▶ [Your task]: Start to finish, return the listing below exactly, pictures excluded.

▶ [Information shown]:

────────────────────────────────────────

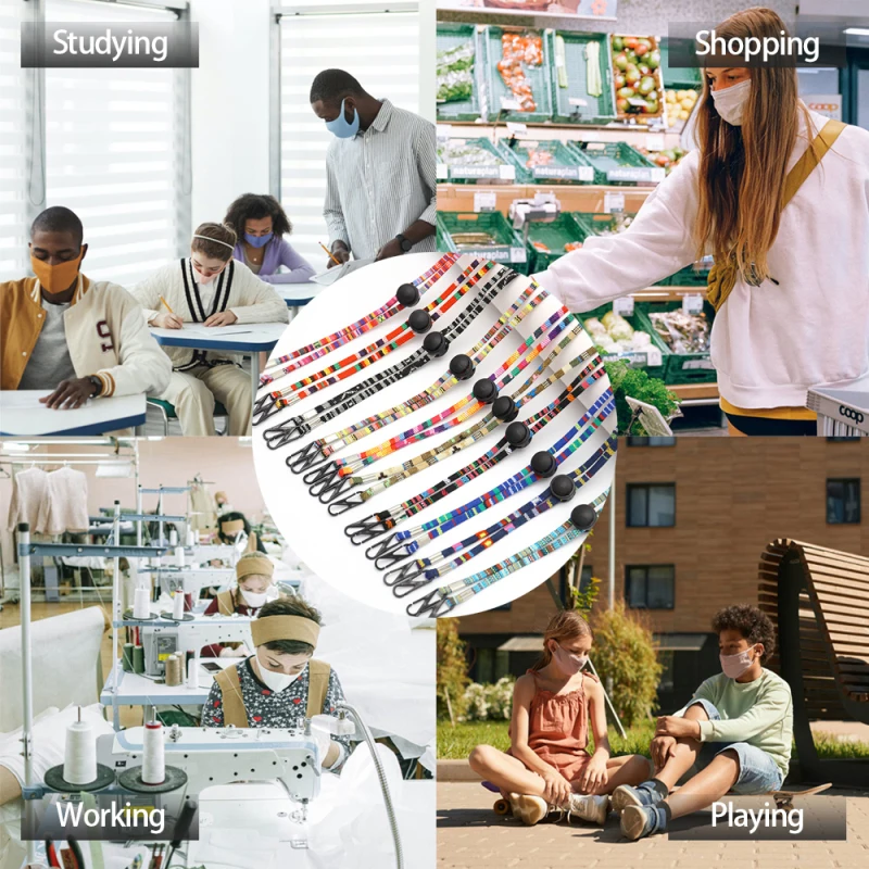 Именно то, что вам нужно для основных сотрудников-Прикрепите Маленькие крючки к эластичным лентам на маске. Как фиксатор очков, Просто наденьте его поверх головы и наденьте как ожерелье. Будет работать с вашей существующей ушной заставкой или повязкой на голову
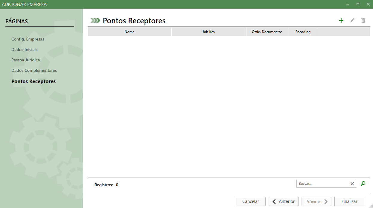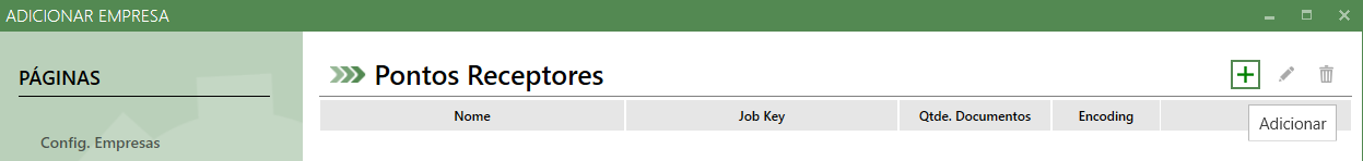 Nesta tela será apresentado o cadastro de pontos receptores, onde serão armazenadas as integrações de Notas de entrada e realizado o envio de evento de manifesto de destinatário. Para adicionar um ponto receptor clique no botão adicionar:
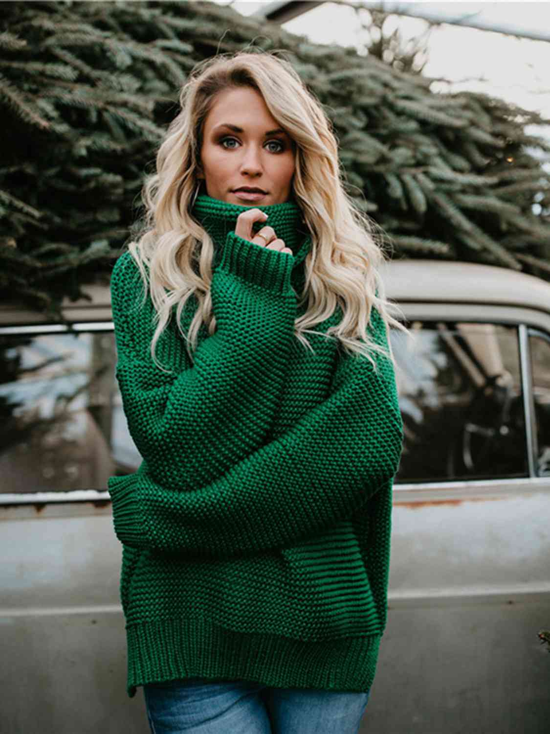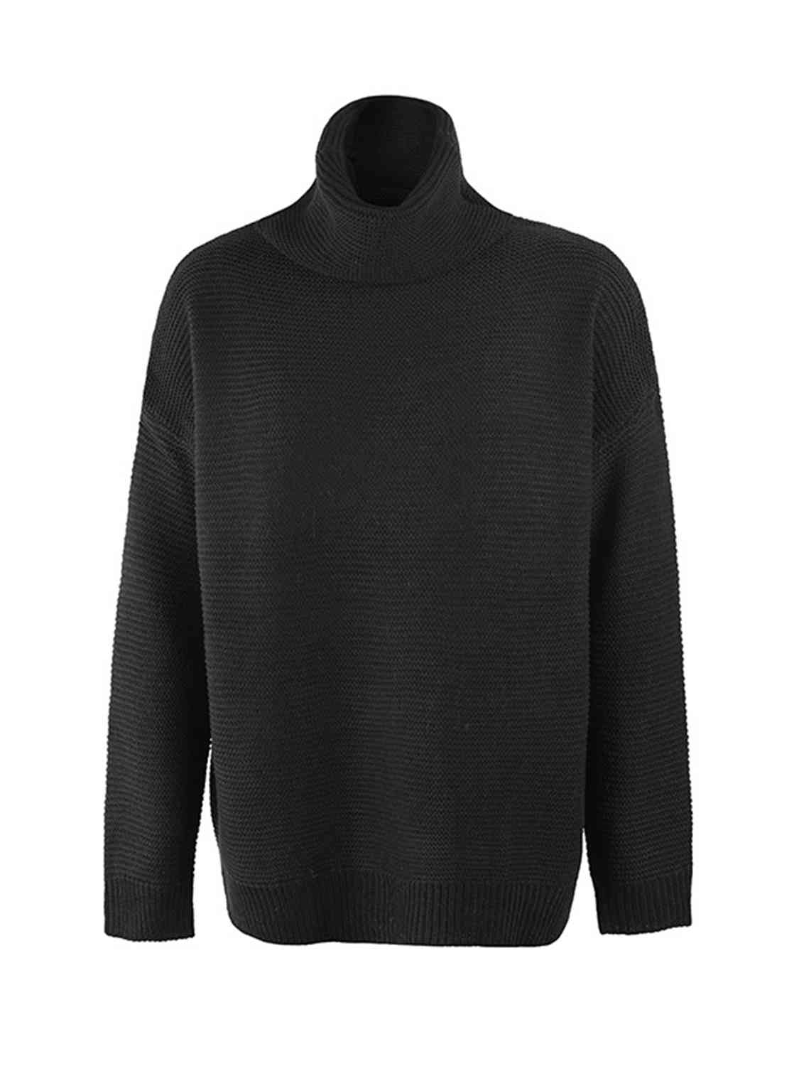 Turtleneck Dropped Shoulder Slit Sweater

────────────────────────────────────────

▶ [Finished exercise]:
 Именно то, что вам нужно для основных сотрудников-Прикрепите Маленькие крючки к эластичным лентам на маске. Как фиксатор очков, Просто наденьте его поверх головы и наденьте как ожерелье. Будет работать с вашей существующей ушной заставкой или повязкой на голову
 Nesta tela será apresentado o cadastro de pontos receptores, onde serão armazenadas as integrações de Notas de entrada e realizado o envio de evento de manifesto de destinatário. Para adicionar um ponto receptor clique no botão adicionar:
 Turtleneck Dropped Shoulder Slit Sweater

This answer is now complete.